• REQUIREMENT
After dropping the pictures, give again exactly the lines of the data from its first line through the line with "Le Air Jordan", which is included as well.

• DATA PROVIDED
········
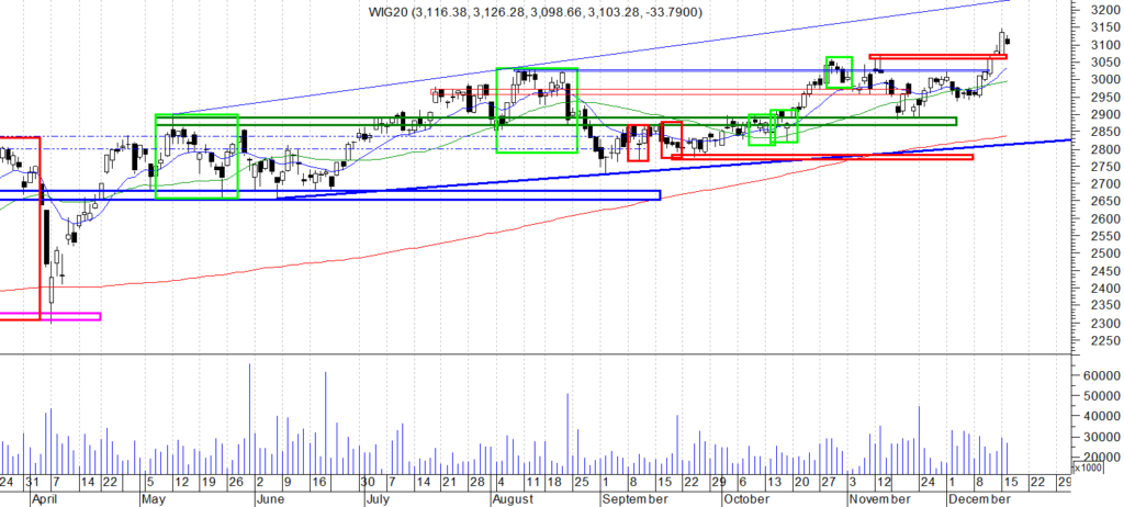 Na wykresie dziennym indeksu WIG 20 pojawiła się mała spadkowa szpulka wyraźnie poniżej poprzedniego zamknięcia. Tym samym mamy spodziewaną korektę wzrostu.
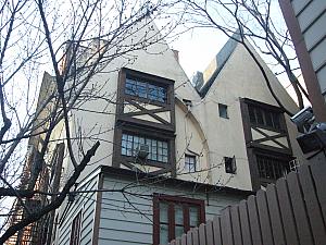 グリニッジ・ヴィレッジのベッドフォード・ストリートにある、ユニークな屋根のデザインが印象的な建物です。1830年に普通の住宅として建てられましたが、1926年に建築家クリフォード・デアリーによってアーティストのための家として建てなおされました。アーティストたちに創作のインスピレーションを与えるようにとデザインされた建物は、その後たくさんの芸術家、作家、演劇関係者などが住んだと言われています。白い壁に茶色の窓枠に、高い三角形のユニークな屋根は、まるでおとぎ話に出てくるようなデザインで常に観光客に人気のスポットです。
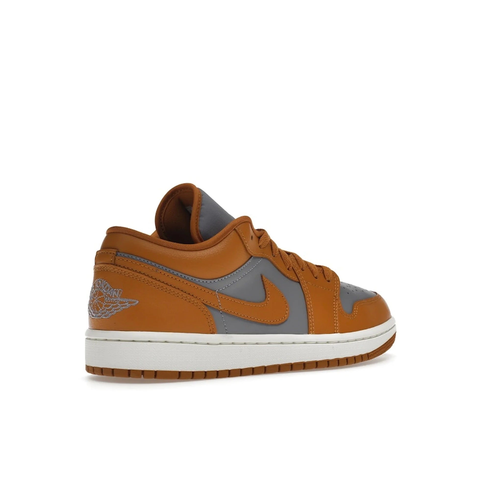 Le Air Jordan 1 Low "Cement Grey Chutney" da donna offrono una reinterpretazione elegante dell'iconica silhouette, combinando tonalità neutre con dettagli caldi per un look sofisticato e versatile.
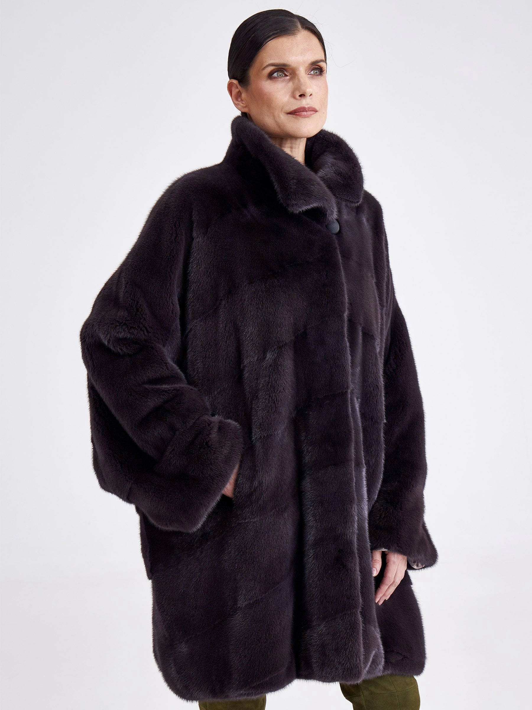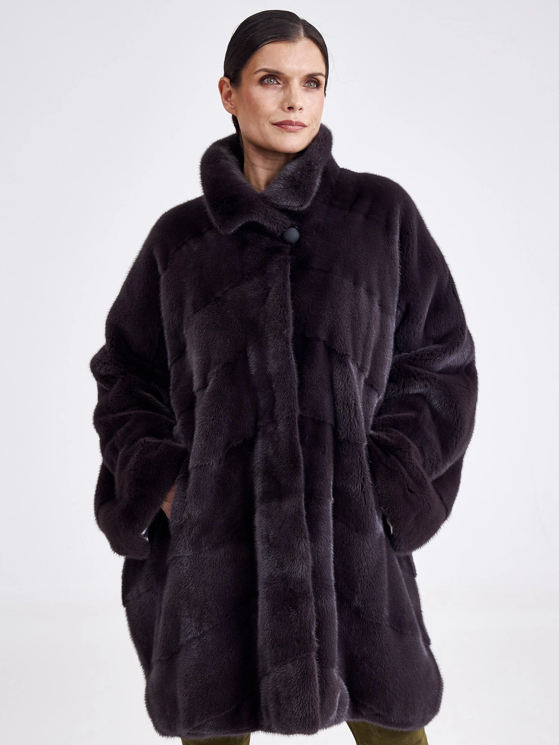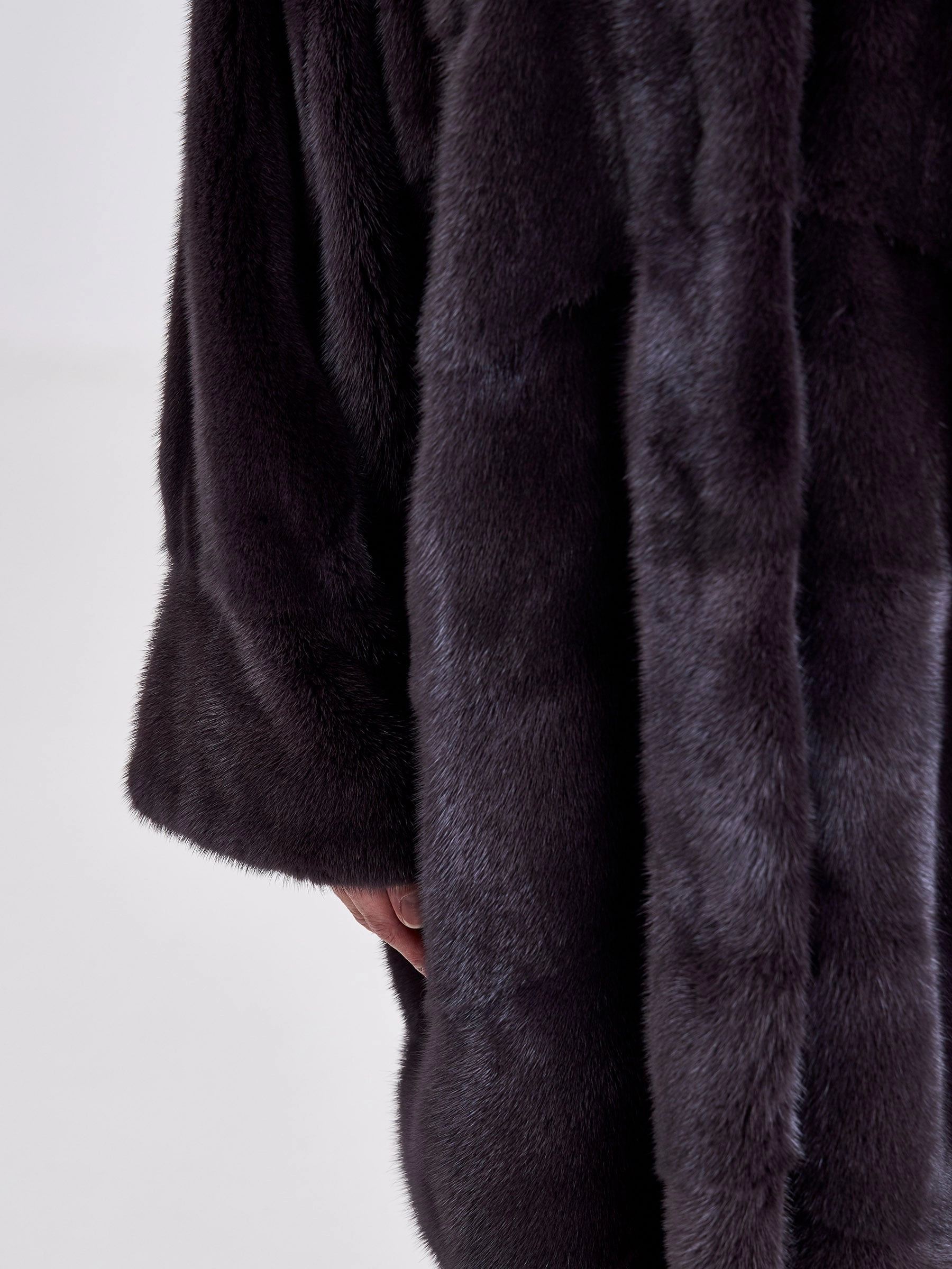 Шуба из меха норки женская 16087(с), баклажановая, размер 60, артикул 33310
········
• ANSWER BOX
 Na wykresie dziennym indeksu WIG 20 pojawiła się mała spadkowa szpulka wyraźnie poniżej poprzedniego zamknięcia. Tym samym mamy spodziewaną korektę wzrostu.
 グリニッジ・ヴィレッジのベッドフォード・ストリートにある、ユニークな屋根のデザインが印象的な建物です。1830年に普通の住宅として建てられましたが、1926年に建築家クリフォード・デアリーによってアーティストのための家として建てなおされました。アーティストたちに創作のインスピレーションを与えるようにとデザインされた建物は、その後たくさんの芸術家、作家、演劇関係者などが住んだと言われています。白い壁に茶色の窓枠に、高い三角形のユニークな屋根は、まるでおとぎ話に出てくるようなデザインで常に観光客に人気のスポットです。
 Le Air Jordan 1 Low "Cement Grey Chutney" da donna offrono una reinterpretazione elegante dell'iconica silhouette, combinando tonalità neutre con dettagli caldi per un look sofisticato e versatile.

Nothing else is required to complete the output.